North Hall's home course is hosting Monday's Class AAA girls tournament, which features Region 8-AAA runner-up Gainesville.

"I wouldn't say there's too much home-course advantage," Gainesville coach Clay McDonald said. "We're somewhat familiar with the course; moreso than someone else coming from out of town."

A young team like the Gainesville boys - each features only one senior - McDonald knows his team will have to use its depth and consistency to keep up with title contenders Woodward Academy, Franklin County, Columbus and St. Pius X.

"We expect to play well each time out," McDonald said. "We try and attack each course with our game plan and stay focused all day long. If we can do that, who knows what can happen?"

Gainesville boys coach Bryson Worley knows, as his team used that approach to shoot a 305 during the region tournament.
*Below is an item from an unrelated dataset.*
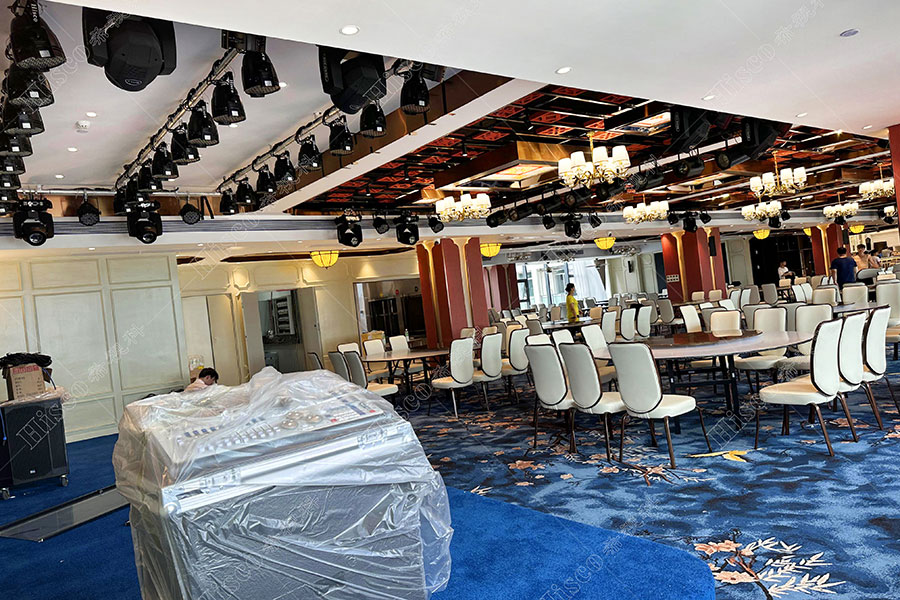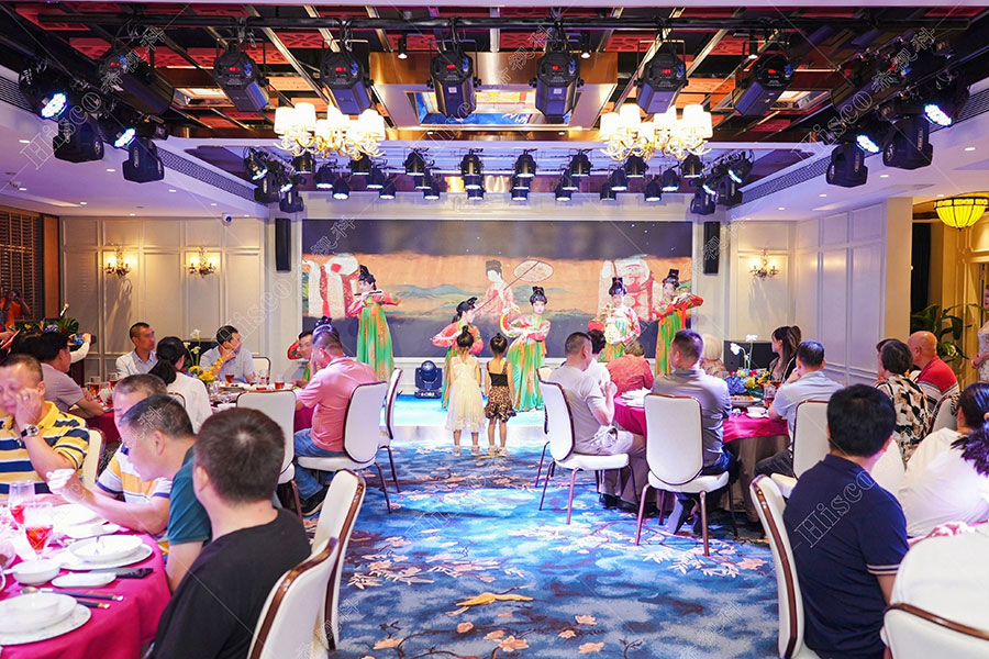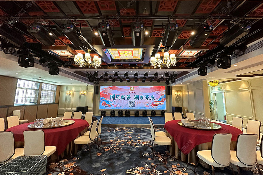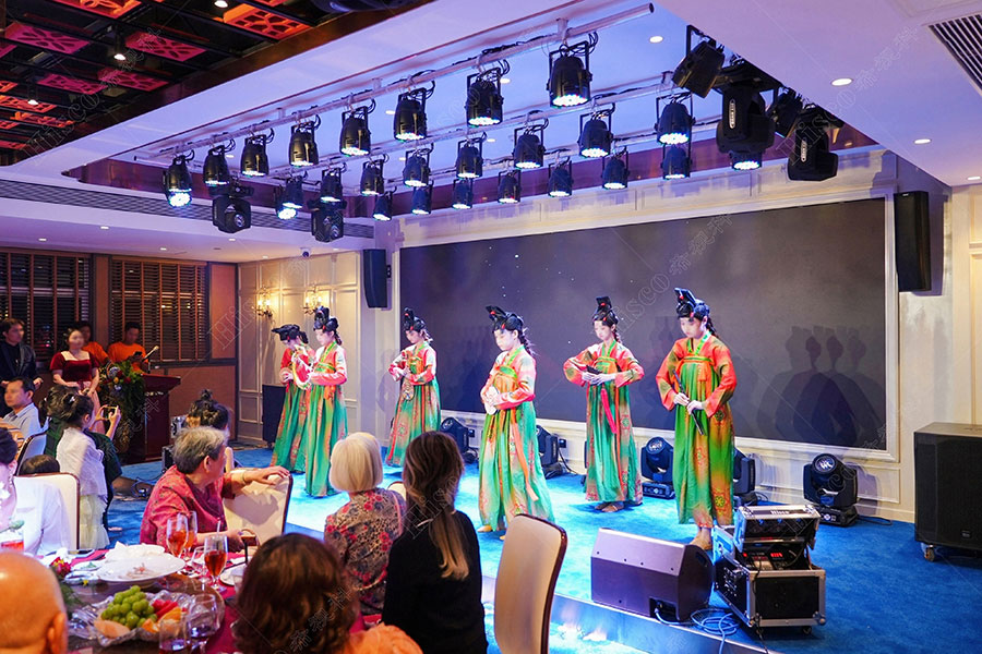 本次宴会厅设计采用数字会议系统,扩声系统、显示系统、集中控制系统、矩阵系统、舞台灯光系统等,演出时采用左右立体声空间成像模式,直达声与辅助音箱的效果声相结合表演,传达表演意境,使得演员和观众之间产生一种无声的交流。

That score might not be low enough Monday.

"Any time you get below 300, you have a chance," Worley said. "The hard part is that golf is different because you don't know what you need to do in fourth quarter."

With no scoreboard displayed on the course, players have to rely on their coach for updates, which is something Worley hands out very carefully.

"You need to know who needs to know and who wants to know," he said. "Most of them don't want to know, but occasionally they'll ask late in the round if there is something they need to do."

Those questions could arise Monday considering the difficult field of teams like Spalding, Richmond Academy, St. Pius X, North Hall and Columbus, last year's state champion.

"There's legitimately 10 teams that can win," Worley said.

That makes playing on a familiar course all the more beneficial - or does it?

"You still have to be a good golf team," Mills said. "It'll give (Gainesville) and us some advantages there's no doubt, but you hate to overstate the advantages."

Some advantages both coaches agree on are the golfers sleeping in their own bed and eating "their momma's cooking." Gainesville has an added edge because of its locker room, a place the golfers can settle their minds before starting their rounds.

While those aspects alleviate some distractions, the biggest edge North Hall and Gainesville have is experience, and not the kind that comes from playing hundreds of rounds at Chattahoochee.

"Our kids our tournament tested," said Mills, citing the difficult region and out-of-town events they've competed in. "We've done the right things, they just have to play.

"But we're excited to be there," he added. "Any time you get to play for a state championship, it's going to be fun."

The only thing more enjoyable would be winning it on your home course.

"We don't talk about winning, we talk about preparing," Worley said. "We all know it would be awesome to win here, but we can't get caught up in it."